[Problem to work on]
Wherever the string "chemical" appears in the records, return the line that holds it.

* * * *

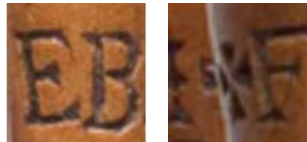
T.7-1944 Lace Bobbin (detail) English, c.1795 Wood, carved with figures

Firstly we see some attempt at using seraphs in the overall set of initials. This was quite a common approach in carving letters, both comprising a series of dots (East Midland) and straight carving of letters (East Devon/Downton) [general comments, of course there are exceptions]
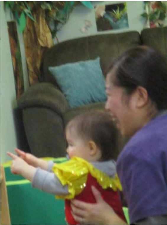
Exploring the Dress Up Costumes and Seeing Ourselves in the Mirror!
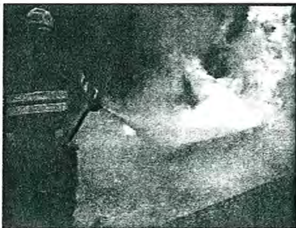
Figure 2. Extinguishment of a liquid fuel fire with dry chemical.

The average cost of materials (chemical powder, gas cartridges, fuel) and wages for fire extinguisher training could range from $65 to $100 per person. An inexpensive mortar box (shown in Figure 2) filled with several inches of water, and a mixture of diesel fuel and gasoline, is suitable for training in the use of fire extinguishers (9.1-kg), fire hoses, hand-held
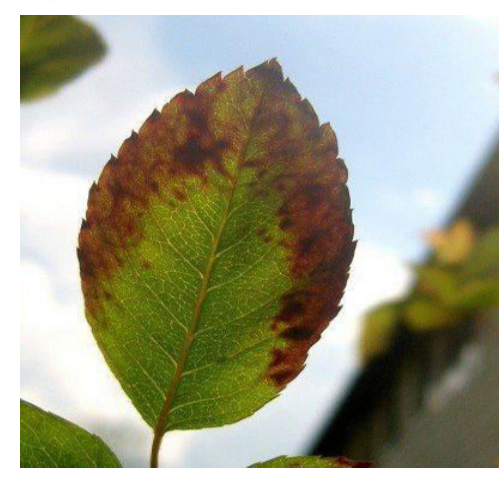
Fig7: Brown spot
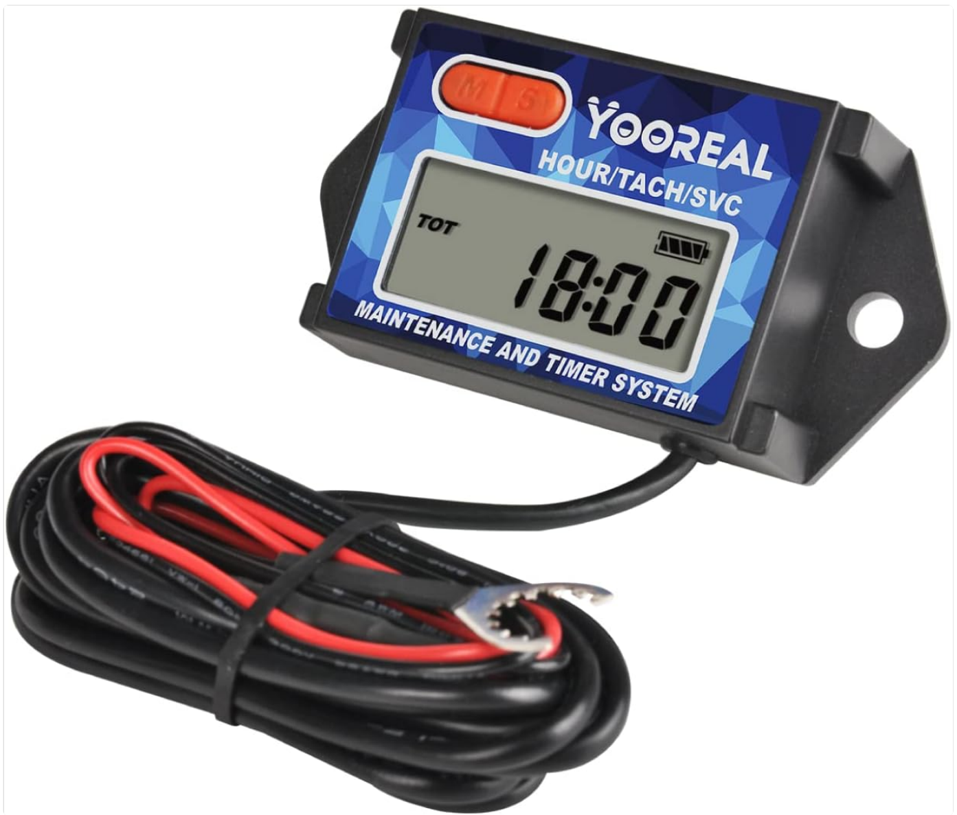
Image: The Yooreal Digital Maintenance Hours Meter, showing its compact design and attached wiring.
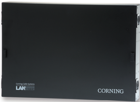
Fiber Zone Box (FZB-04P) | Photo LAN1408

Corning fiber zone box (FZB-04P) is a smaller alternative to the flagship FZB-04U. Ideal for installations up to 96 fibers, the FZB-04P manages four CCH panels or Plug & Play™ systems modules. The FZB-04P can be mounted vertically or horizontally. When mounted vertically, the adapter plane of the panels or modules faces up toward the installer. This creative design element significantly increases the installer's and end user's ease-of-use for initial installation as well as moves, adds and changes. Strain-relief is an important aspect of all housings, particularly when placed in a sub-floor environment. The FZB-04P comes equipped with integrated strain-relief for Corning Plug & Play systems trunk plugs as well as the universal cable clamp (UCC) for standard installations. From installation to daily maintenance, the FZB015004P is a convenient, easy-to-use product designed with the installer in mind.
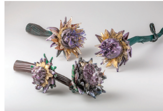
FIORI DI CARCIOFFI (Artichoke Flowers) 2500 Each

* * * *

[Written solution]
Figure 2. Extinguishment of a liquid fuel fire with dry chemical.
The average cost of materials (chemical powder, gas cartridges, fuel) and wages for fire extinguisher training could range from $65 to $100 per person. An inexpensive mortar box (shown in Figure 2) filled with several inches of water, and a mixture of diesel fuel and gasoline, is suitable for training in the use of fire extinguishers (9.1-kg), fire hoses, hand-held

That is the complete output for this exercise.